Work instruction: Read through the lines below for the string "average" and copy each one that has it.

--- Exercise material Enclosed Below ---

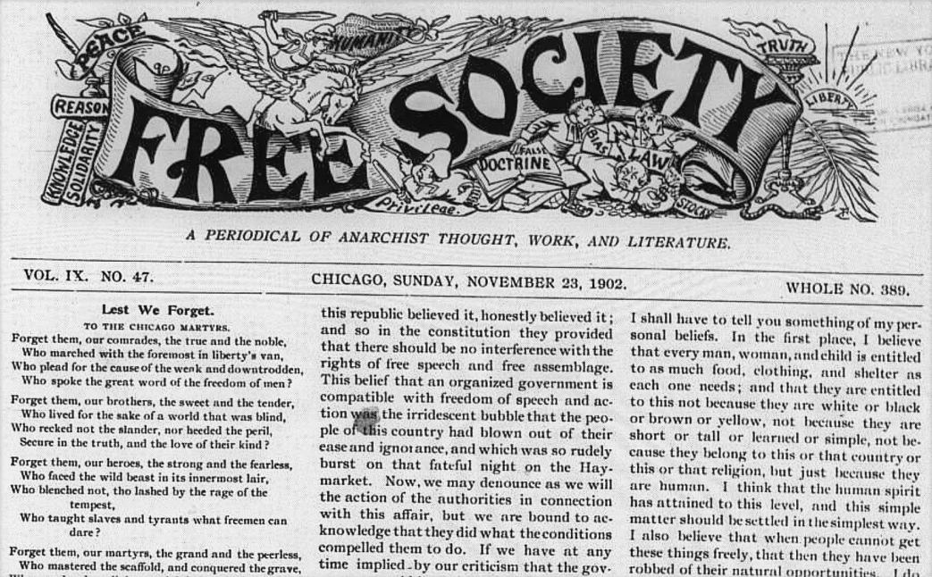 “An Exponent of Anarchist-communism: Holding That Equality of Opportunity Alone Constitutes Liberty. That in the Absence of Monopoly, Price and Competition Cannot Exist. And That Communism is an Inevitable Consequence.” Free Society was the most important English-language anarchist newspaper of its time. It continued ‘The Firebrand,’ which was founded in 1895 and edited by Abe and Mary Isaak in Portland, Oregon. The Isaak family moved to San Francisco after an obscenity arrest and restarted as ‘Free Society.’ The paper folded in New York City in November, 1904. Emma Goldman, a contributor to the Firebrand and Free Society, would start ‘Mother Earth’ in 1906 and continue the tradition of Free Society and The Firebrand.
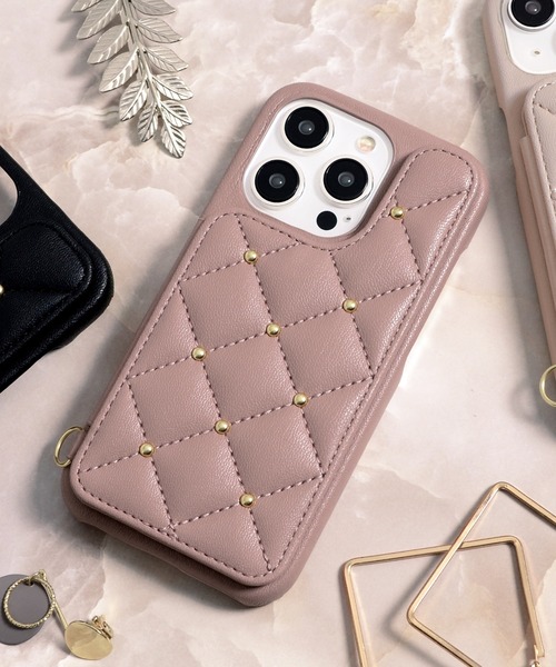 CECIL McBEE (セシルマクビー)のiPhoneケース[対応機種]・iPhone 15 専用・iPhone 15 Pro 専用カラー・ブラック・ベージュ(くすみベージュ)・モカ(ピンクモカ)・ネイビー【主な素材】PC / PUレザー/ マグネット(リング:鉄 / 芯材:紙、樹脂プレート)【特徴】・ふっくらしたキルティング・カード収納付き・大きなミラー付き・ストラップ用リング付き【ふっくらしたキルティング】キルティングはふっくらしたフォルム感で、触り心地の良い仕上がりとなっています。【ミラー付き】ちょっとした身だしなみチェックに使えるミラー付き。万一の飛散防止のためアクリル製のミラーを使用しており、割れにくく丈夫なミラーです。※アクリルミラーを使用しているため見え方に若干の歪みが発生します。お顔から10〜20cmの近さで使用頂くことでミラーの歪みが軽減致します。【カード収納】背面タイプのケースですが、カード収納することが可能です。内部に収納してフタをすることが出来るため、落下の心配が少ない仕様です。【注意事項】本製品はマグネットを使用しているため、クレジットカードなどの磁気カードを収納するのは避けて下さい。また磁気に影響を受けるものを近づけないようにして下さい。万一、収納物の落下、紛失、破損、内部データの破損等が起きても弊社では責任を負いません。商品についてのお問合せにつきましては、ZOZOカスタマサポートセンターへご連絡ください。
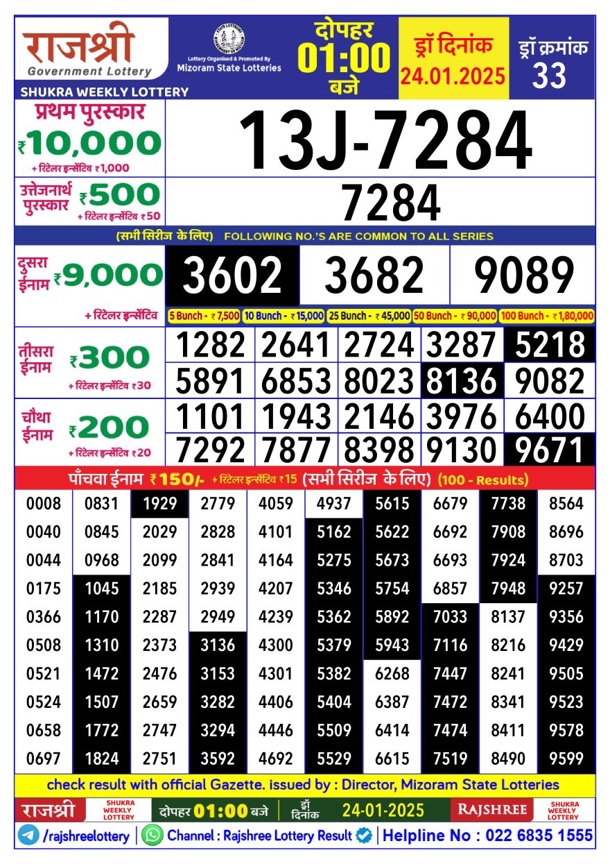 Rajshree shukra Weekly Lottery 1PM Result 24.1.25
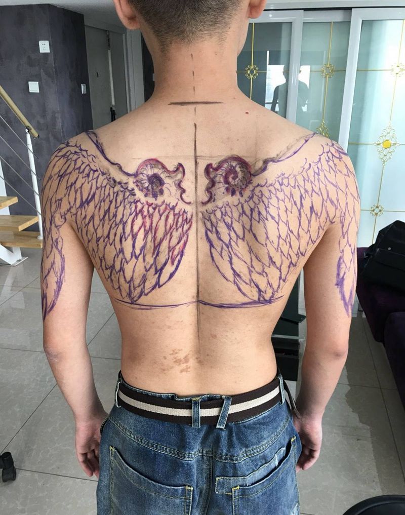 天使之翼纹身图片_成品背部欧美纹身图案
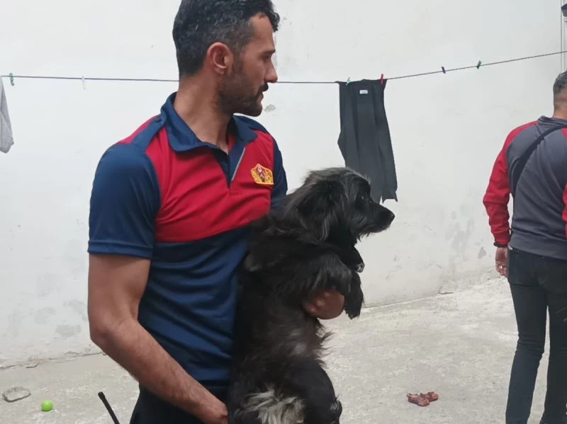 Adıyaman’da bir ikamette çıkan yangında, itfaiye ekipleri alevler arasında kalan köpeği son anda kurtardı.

--- End of Enclosed Exercise material ---
--- Exercise material Enclosed Below ---

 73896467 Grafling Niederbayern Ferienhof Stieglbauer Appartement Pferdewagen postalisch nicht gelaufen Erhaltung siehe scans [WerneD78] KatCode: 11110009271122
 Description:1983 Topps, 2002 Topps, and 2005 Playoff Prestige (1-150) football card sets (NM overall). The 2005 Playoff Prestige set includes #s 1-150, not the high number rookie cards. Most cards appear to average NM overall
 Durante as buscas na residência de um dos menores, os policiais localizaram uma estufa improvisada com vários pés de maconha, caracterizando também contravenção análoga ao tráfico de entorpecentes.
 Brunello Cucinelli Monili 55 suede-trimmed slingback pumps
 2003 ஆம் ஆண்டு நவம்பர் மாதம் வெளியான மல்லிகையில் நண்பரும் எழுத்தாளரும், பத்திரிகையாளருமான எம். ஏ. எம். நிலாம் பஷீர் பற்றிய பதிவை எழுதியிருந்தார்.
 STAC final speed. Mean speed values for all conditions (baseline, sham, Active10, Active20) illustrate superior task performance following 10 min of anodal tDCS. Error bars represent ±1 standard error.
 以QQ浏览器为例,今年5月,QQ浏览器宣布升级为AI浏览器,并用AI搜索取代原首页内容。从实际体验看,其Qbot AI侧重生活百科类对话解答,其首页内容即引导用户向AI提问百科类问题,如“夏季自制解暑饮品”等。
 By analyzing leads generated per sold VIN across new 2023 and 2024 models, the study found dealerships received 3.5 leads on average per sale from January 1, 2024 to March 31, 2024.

--- End of Enclosed Exercise material ---
--- Exercise material Enclosed Below ---

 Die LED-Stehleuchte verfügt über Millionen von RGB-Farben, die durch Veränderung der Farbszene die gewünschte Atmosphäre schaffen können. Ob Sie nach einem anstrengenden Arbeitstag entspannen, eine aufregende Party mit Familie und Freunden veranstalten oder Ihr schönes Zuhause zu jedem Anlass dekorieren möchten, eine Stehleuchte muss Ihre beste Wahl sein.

--- End of Enclosed Exercise material ---

Answer for this exercise:
 Description:1983 Topps, 2002 Topps, and 2005 Playoff Prestige (1-150) football card sets (NM overall). The 2005 Playoff Prestige set includes #s 1-150, not the high number rookie cards. Most cards appear to average NM overall
 By analyzing leads generated per sold VIN across new 2023 and 2024 models, the study found dealerships received 3.5 leads on average per sale from January 1, 2024 to March 31, 2024.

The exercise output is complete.